According to the report, titled “2021 State of Higher Education for Black Californians,” 88% of Black 19-year-olds in the state have a high school diploma, and 80% of Black high school graduates who meet the state’s A-G course requirements for college readiness enroll in college within one year. But 60% of Black high school graduates do not meet these requirements, and thus only 60% of Black students overall in the state enroll in college within one year of graduation.
“We know that Black students [disproportionately] attend schools that don’t have strong access to the A-G courses … which means you can graduate high school without being prepared for college,” said Campaign for College Opportunity President Michele Siqueiros. “Students are often tracked based on very real racial biases,” which impact what level of access they have to college prep courses. In many school districts that serve high populations of Black and Brown students, these are not a part of the default curriculum, “which means you can graduate high school without being prepared for college,” she added.

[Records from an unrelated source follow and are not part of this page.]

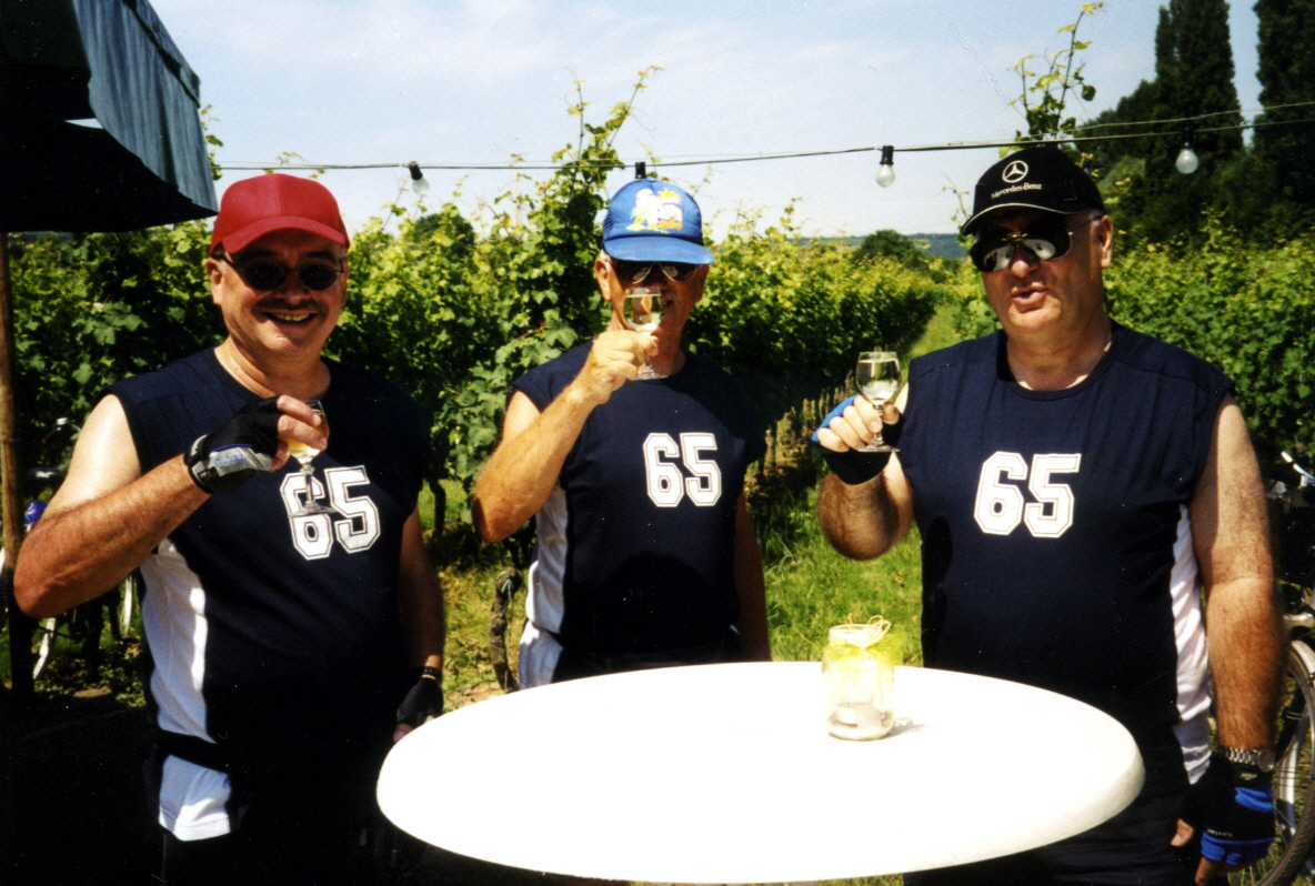Am nächsten Tag konnten wir die Reichsburg bei Cochem sehen und von der Ortschaft Moselkern wanderten wir zur Burg Elz. Diese Burg war auf der Rückseite des 500 DM-Scheines abgebildet. Endstation dieses Tages war Hatzenport, wo wir das Vergnügen hatten, im Weinhaus Ibald die ehemalige Hatzenporter Weinkönigin Sylvia II. kennen zu lernen. Am darauf folgenden Tag radelten wir über Kobern-Gondorf nach Koblenz und nahmen am Deutschen Eck Abschied von der Mosel.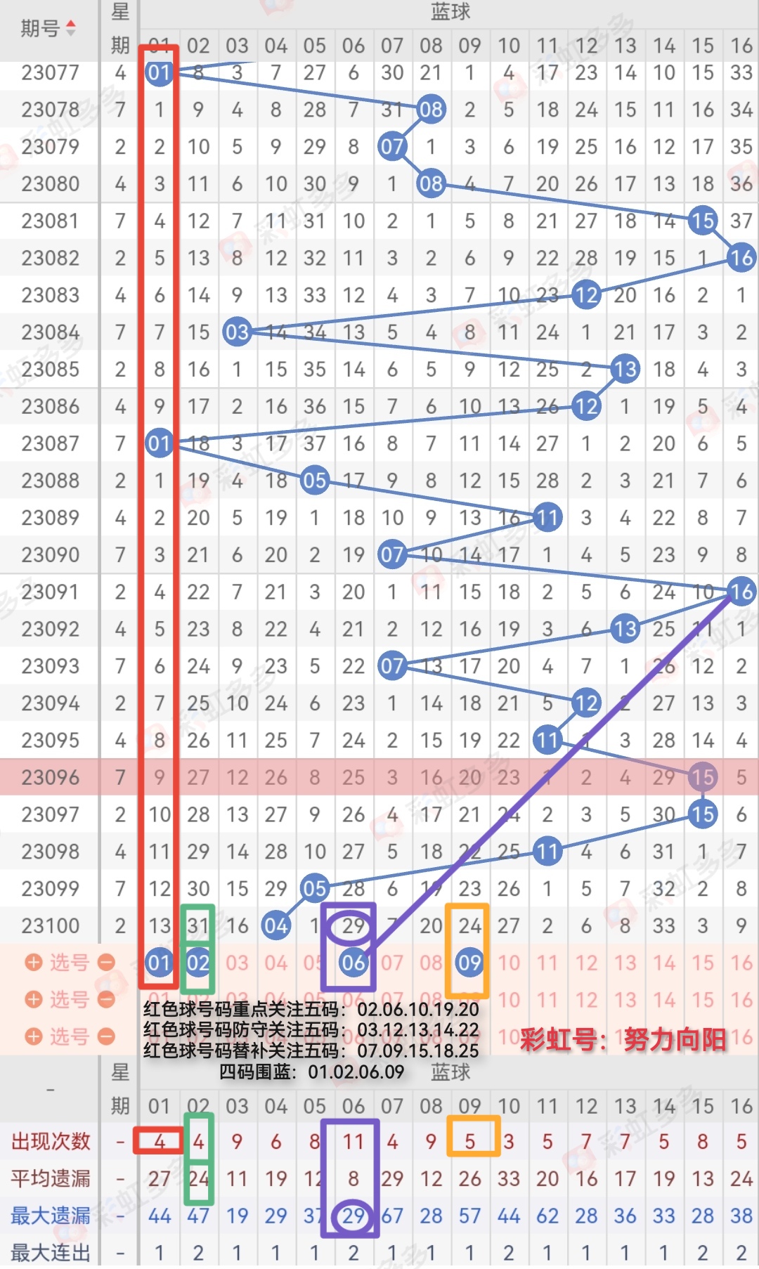 综合本期分析红色球号码及蓝色球号码总结:红色球号码重点关注五码:02.06.10.19.20红色球号码防守关注五码:03.12.13.14.22红色球号码替补关注五码:07.09.15.18.25四码围蓝:01.02.06.09以上分析号码关注选择组合不定,替补关注五码红球不在分析内,依个人观点选择组合。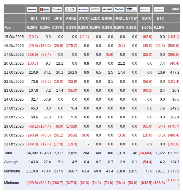 英国投资公司 Farside Investors 的数据显示,截至 10 月 31 日,美国现货比特币交易所交易基金 (ETF) 连续三天出现净流出。

Changes to community college transfer practices have helped increase access to transfer-level courses, a change that is particularly important for Black students, more than half of whom are identified as students who would benefit from additional academic support in college. And the state’s two public university systems, the California State University system and the University of California system, are also seeing an increase in the number of Black students on campus. Black student applications to the University of California increased by over 20% this year, and 26% of Black Californians now have a bachelor’s degree, and 10% have an associate degree. Two-thirds of Black Californians between 25-64 have enrolled in college.
But gaps still persist.
While more than 50% of Black students entering the UC System since 2012 graduated in four years or fewer, and 75% graduated within six years, accounting for the highest Black graduation rate across the state, Black student graduation rates remain roughly 20% lower than the rates for their White counterparts. At CSU, though more Black students are graduating, the gap between Black and White student graduation has actually increased from 21 to 25 percentage points.
Siqueiros said in order to address the gap, college leaders must “be very intentional and unabashed about how to support Black students.”
“That can’t happen if you’re not talking to Black students, if you don’t have Black faculty and staff in front of Black students, and if you’re not looking at the policies that have traditionally negatively impacted Black students,” she said. “The results we have today are a result of the policies and practices that we have chosen to accept. We absolutely can change those policies and practices to better support Black students.”
Remedial course placement and access to courses are among those policies Siqueiros cited, pointing to the state’s success with Black students passing transfer-level courses in the community college system. The report found that 48% of Black students who enrolled in 2019 completed transfer-level English in their first term, compared to just 15% in 2015. And 72% percent of Black students enrolled directly in transfer-level math in fall 2019, compared to 12% in fall 2015, yielding a pass rate of 27% in 2019, versus 7% in 2015.
“There’s been a lot of great work … to include outreach and support (from higher ed leaders) and offering of A-G courses online to students who don’t have access to them at their schools,” Siqueiros said. “I think part of the problem and challenge is that our education systems can often be very siloed from each other. If a high school leader doesn’t feel like it was his or her responsibility to prepare students for college — a lot of school leaders feel like their responsibility is to get students to graduation, not to college.”
“One of the problems that California continues to have is that we don’t have an education coordinating body that really brings K-12, community colleges, Cal State (institutions) and UC (institutions) together to really collaborate and improve the education that we provide to students,” she said. “I think in some ways we already know what needs to be done, but we’re not doing it at every campus.”